April 22, 2004

The staff of the Committee on Open Government is authorized to issue advisory opinions. The ensuing staff advisory opinion is based solely upon the information presented in your correspondence.


I have received your letter in which you requested assistance concerning your requests and appeals made under the Freedom of Information Law to the New York City Police Department. You complained that you were denied access or received no replies to your inquiries.

In this regard, having reviewed our files concerning appeals, it was found that the New York City Police Department forwarded to the Committee two determinations of your appeals. It is noted that the address the New York City Police Department used for you is erroneous. Since correctional facilities do not forward mail to inmates, I have enclosed copies of those letters for your review.

You also requested "a complete itemized inventory and denial of factual justification of total or part denial of" documents directed to the New York City Police Department. With respect to an index of documents within a file or index of those withheld, there is nothing in the Freedom of Information Law or judicial decision construing that statute that would require that a denial at the agency level identify every record withheld or include a description of the reason for withholding each document. Such a requirement has been imposed under the federal Freedom of Information Act, which may involve the preparation of a so-called "Vaughn index" [see Vaughn v. Rosen, 484 F.2D 820 (1973)]. Such an index provides an analysis of documents withheld by an agency as a means of justifying a denial and insuring that the burden of proof remains on the agency. Again, I am unaware of any decision involving the New York Freedom of Information Law that requires the preparation of a similar index.

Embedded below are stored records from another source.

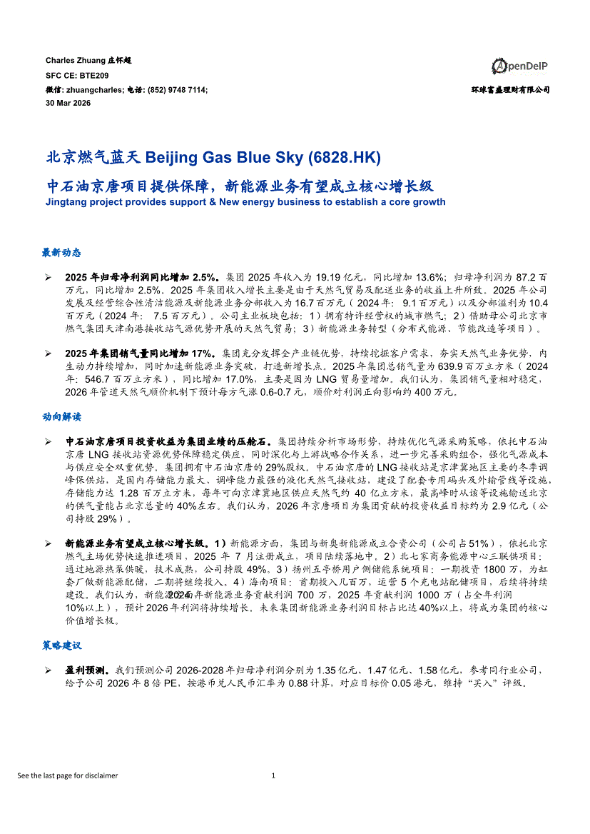 北京燃气蓝天:环球富盛-北京燃气蓝天-6828.HK-中石油京唐项目提供保障,新能源业务有望成立核心增长级-260330
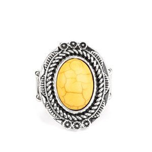 A sunny yellow stone is pressed into an antiqued silver frame radiating with floral detail for a seasonal look. Features a stretchy band for a flexible fit.
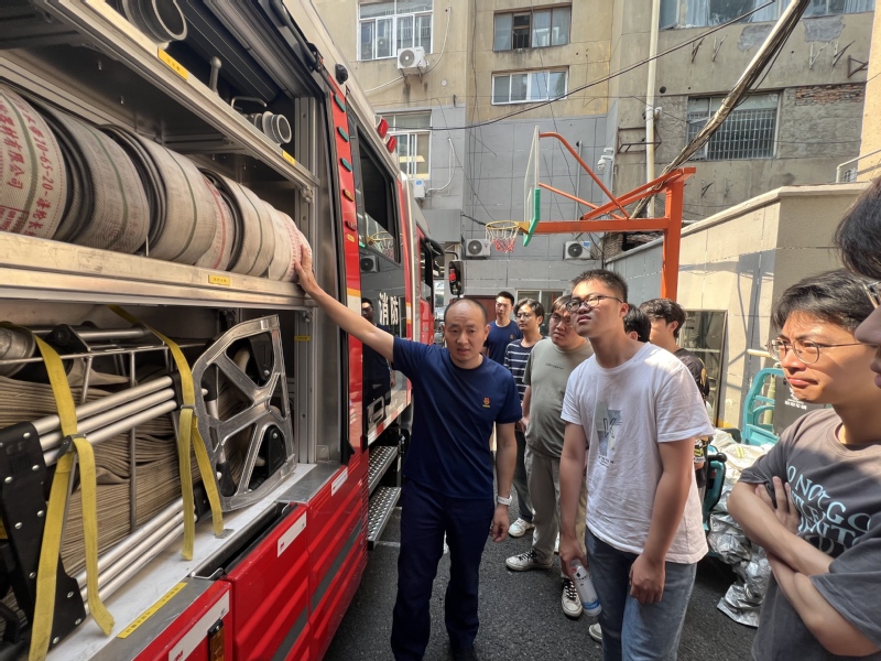 随后,消防救援人员带领同学们参观了各类消防救援车辆和消防救援装备,向他们介绍了不同救援车辆的用途消防站长结合船海专业特性,对比讲解水上消防难点,学子们纷纷记录要点。消防站随即演示“水雾喷淋系统”模拟船舶灭火场景,研究生分组操作水带连接、战术配合,在实操中深化“防、控、逃”一体化认知。

Further, one decision suggests the preparation of that kind of analysis might in some instances subvert the purpose for which exemptions are claimed. In that decision, an inmate requested records referring to him as a member of organized crime or an escape risk. In affirming a denial by a lower court, the Appellate Division found that:

"All of these documents were inter-agency or intra-agency materials exempted under Public Officers Law section 87(2)(g) and some were materials the disclosure of which could endanger the lives or safety of certain individuals, and thus were exempted under Public Officers Law section 87(2)(f). The failure of the respondents and the Supreme Court, Westchester County, to disclose the underlying facts contained in these documents so as to establish that they did not fall 'squarely within the ambit of [the] statutory exemptions' (Matter of Farbman & Sons v. New York City Health and Hosps. Corp., 62 NY 2d 75, 83; Matter of Fink v. Lefkowitz, 47 NY 2d 567, 571), did not constitute error. To make such disclosure would effectively subvert the purpose of these statutory exemptions which is to preserve the confidentiality of this information" [Nalo v. Sullivan, 125 AD 2d 311, 312 (1987)].

I hope that the foregoing serves to clarify your understanding of the Freedom of Information Law and that I have been of assistance.